Input data:
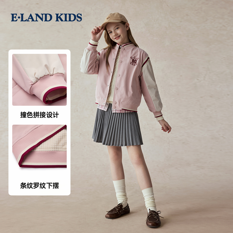男女童棒球服25秋新品 kids衣恋童装 eland 摇粒绒内胆外套 加绒
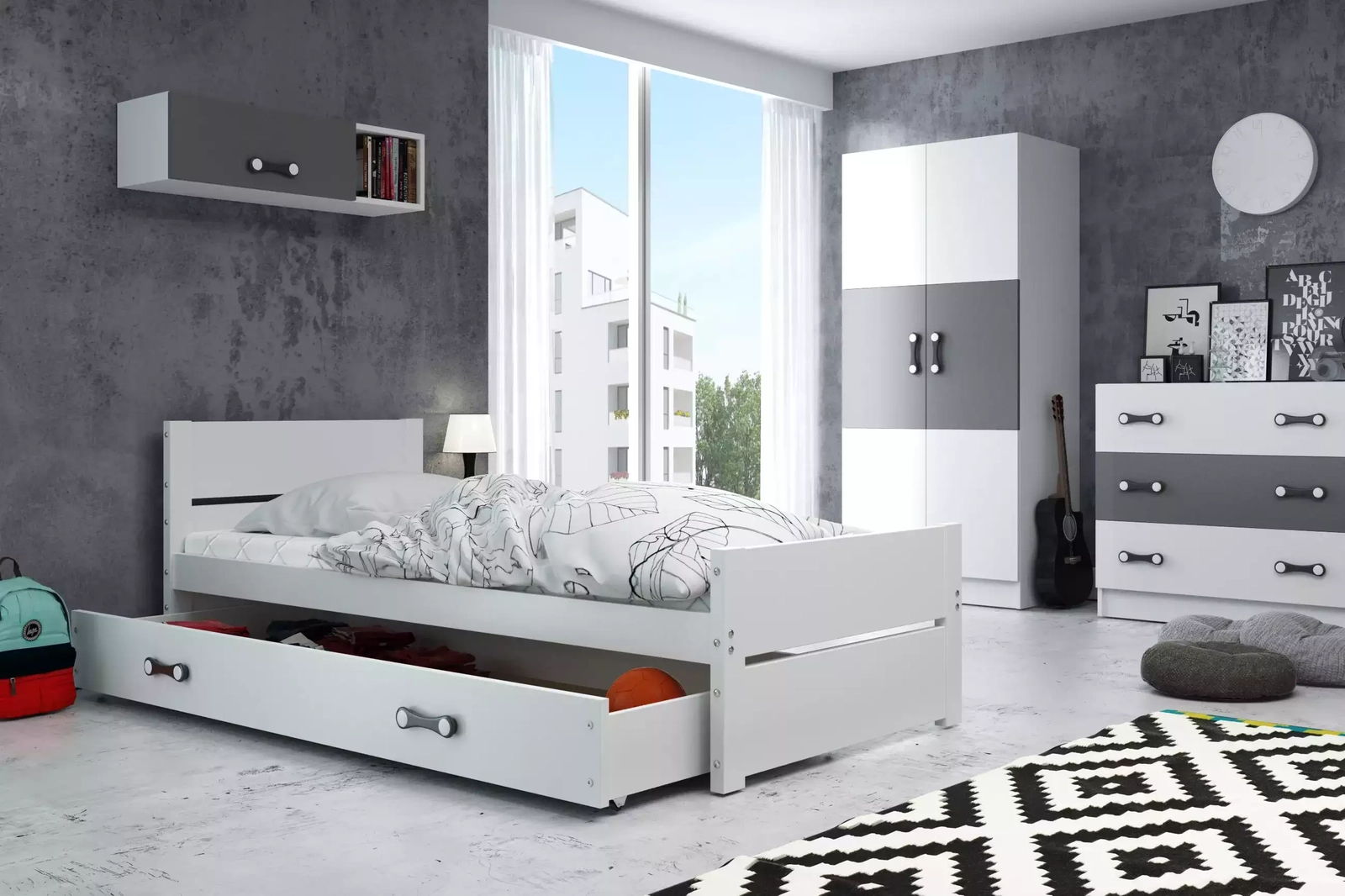 BARTEK 90X200 pat single pentru tineri cu saltea și sertar, alb
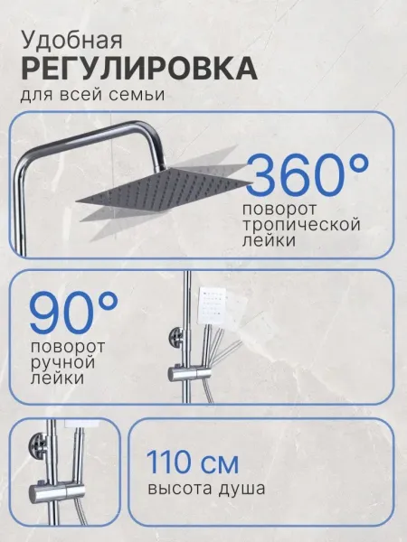 Душевой гарнитур содержит все необходимое для монтажа. Кроме того, наша душевая стойка хром имеет простой и быстрый монтаж, благодаря чему вы сможете установить ее самостоятельно без привлечения специалистов. Это позволит сэкономить время и деньги, а также получить удовольствие от процесса создания своего уютного уголка в ванной комнате.

Brief: Nothing but the pictures may be dropped; restate the material word for word.

Answer to this task:
男女童棒球服25秋新品 kids衣恋童装 eland 摇粒绒内胆外套 加绒
 BARTEK 90X200 pat single pentru tineri cu saltea și sertar, alb
 Душевой гарнитур содержит все необходимое для монтажа. Кроме того, наша душевая стойка хром имеет простой и быстрый монтаж, благодаря чему вы сможете установить ее самостоятельно без привлечения специалистов. Это позволит сэкономить время и деньги, а также получить удовольствие от процесса создания своего уютного уголка в ванной комнате.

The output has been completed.